Unnamed: 0,prot1,res1,prot2,res2
0,AKT1,182,RICTOR,516
1,AKT1,189,MTOR,533
2,AKT1,276,RICTOR,800
3,MTOR,42,AKT1,284
4,MTOR,1256,AKT1,420


In [25]:
m_mtorc = IMP.Model()
h_mtorc = IMP.atom.read_pdb(str(mtorc_pdb_file), m_mtorc, IMP.atom.AllPDBSelector())

In [26]:
# Get all PDB files in the directory
pdb_files = list()
for pdb_file in Path(akt_pdb_dir).glob("*.pdb"):
    pdb_files.append(pdb_file)

for pdb_file in Path(akt_rot_pdb_dir).glob("*.pdb"):
    pdb_files.append(pdb_file)

akt_ms, akt_hs = list(), list()
for pdb_file in pdb_files:
    m_akt = IMP.Model()
    h_akt = IMP.atom.read_pdb(str(pdb_file), m_akt)
    akt_ms.append(m_akt)
    akt_hs.append(h_akt)





In [27]:
# Initialize new columns in the dataframe
xl_df['min_distance'] = np.inf
xl_df['best_akt_model'] = -1

chain_dict = {"MTOR": "A", "RICTOR": "B", "MLST8": "C", "MSIN1": "D", "AKT1": "E"}

# Function to calculate distance between two residues
def calculate_xl_distance(h1, h2, chain1, res1, chain2, res2):
    """Calculate distance between CA atoms of two residues"""
    try:
        # Get CA atoms for both residues
        sel1 = IMP.atom.Selection(h1, chain_id=chain1, residue_index=res1, atom_type=IMP.atom.AT_CA)
        sel2 = IMP.atom.Selection(h2, chain_id=chain2, residue_index=res2, atom_type=IMP.atom.AT_CA)

        pids1 = sel1.get_selected_particle_indexes()
        pids2 = sel2.get_selected_particle_indexes()

        if len(pids1) == 0 or len(pids2) == 0:
            return np.inf

        # Get coordinates
        p1 = h1.get_model().get_particle(pids1[0])
        p2 = h2.get_model().get_particle(pids2[0])

        coord1 = IMP.core.XYZ(p1).get_coordinates()
        coord2 = IMP.core.XYZ(p2).get_coordinates()

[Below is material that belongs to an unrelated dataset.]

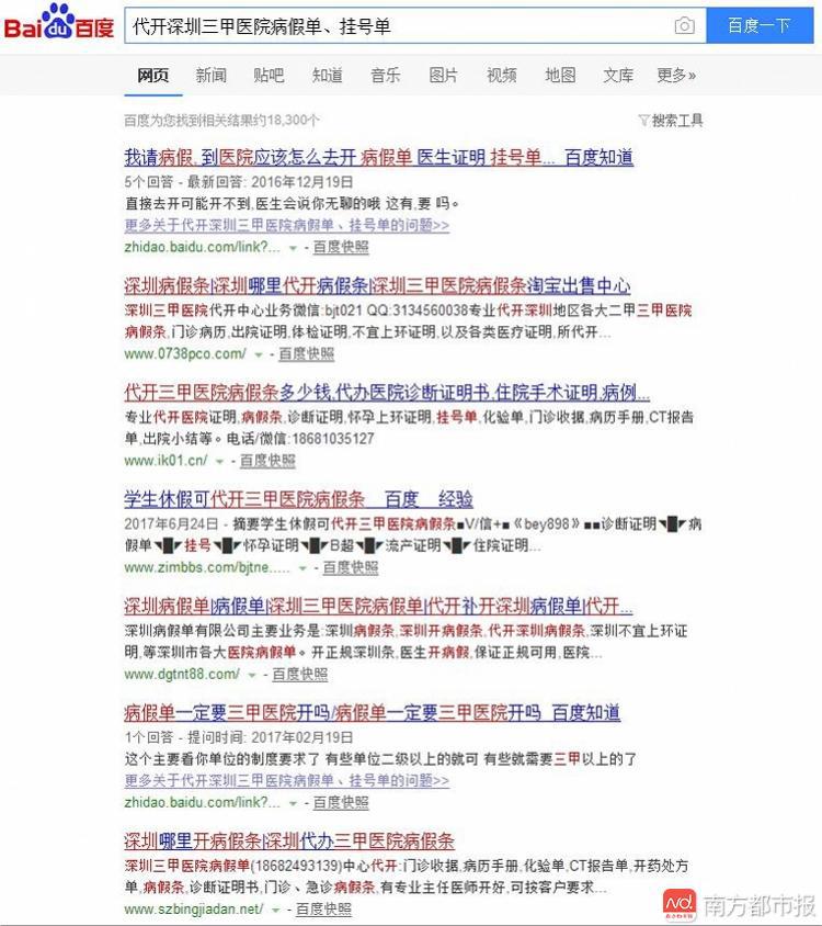 在百度檢索“深圳、病假條”兩個(gè)關(guān)鍵詞,便會(huì)跳出不少關(guān)于“深圳開病假條”、“深圳代開醫(yī)院病假單”等鏈接,數(shù)量不少。

        # Calculate Euclidean distance
        distance = IMP.algebra.get_distance(coord1, coord2)
        return distance
    except:
        return np.inf

print("Processing crosslinks...")


Processing crosslinks...


In [28]:
# Main loop: iterate through each crosslink and find the AKT model with minimum distance
for xl_idx in range(len(xl_df)):
    prot1 = xl_df.iloc[xl_idx]['prot1']
    prot2 = xl_df.iloc[xl_idx]['prot2']
    res1 = xl_df.iloc[xl_idx]['res1']
    res2 = xl_df.iloc[xl_idx]['res2']

    min_distance = np.inf
    best_model = -1

    for i in range(len(akt_ms)):
        # Load the AKT model
        pdb_file = Path(pdb_files[i])
        m_akt = IMP.Model()
        h_akt = IMP.atom.read_pdb(str(pdb_file), m_akt, IMP.atom.AllPDBSelector())

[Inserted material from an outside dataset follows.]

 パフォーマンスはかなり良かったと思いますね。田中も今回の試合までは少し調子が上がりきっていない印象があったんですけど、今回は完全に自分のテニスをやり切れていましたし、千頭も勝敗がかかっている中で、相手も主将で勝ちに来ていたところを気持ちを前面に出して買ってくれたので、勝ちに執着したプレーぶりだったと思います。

        # Determine which hierarchies to use for each protein
        if prot1 == "AKT1":
            h1 = h_akt
        else:
            h1 = h_mtorc

        if prot1 == "MTOR" and res1 == 42:
            res1 = 38

        if prot2 == "AKT1":
            h2 = h_akt
        else:
            h2 = h_mtorc

        # Calculate distance for this AKT model
        distance = calculate_xl_distance(h1, h2, chain_dict[prot1], res1, chain_dict[prot2], res2)

        # Update minimum if this is better
        if distance < min_distance:
            min_distance = distance
            best_model = pdb_file

    # Store results in dataframe
    xl_df.at[xl_idx, 'min_distance'] = min_distance
    xl_df.at[xl_idx, 'best_akt_model'] = best_model

    print(f"XL {xl_idx}: {prot1}_{res1} - {prot2}_{res2}, Min distance: {min_distance:.2f} Å (Model {best_model})")

print("\\nProcessing complete!")
print(f"\\nSummary:")
print(f"Total crosslinks processed: {len(xl_df)}")
print(f"Crosslinks with finite distances: {(xl_df['min_distance'] != np.inf).sum()}")
print(f"Mean minimum distance: {xl_df[xl_df['min_distance'] != np.inf]['min_distance'].mean():.2f} Å")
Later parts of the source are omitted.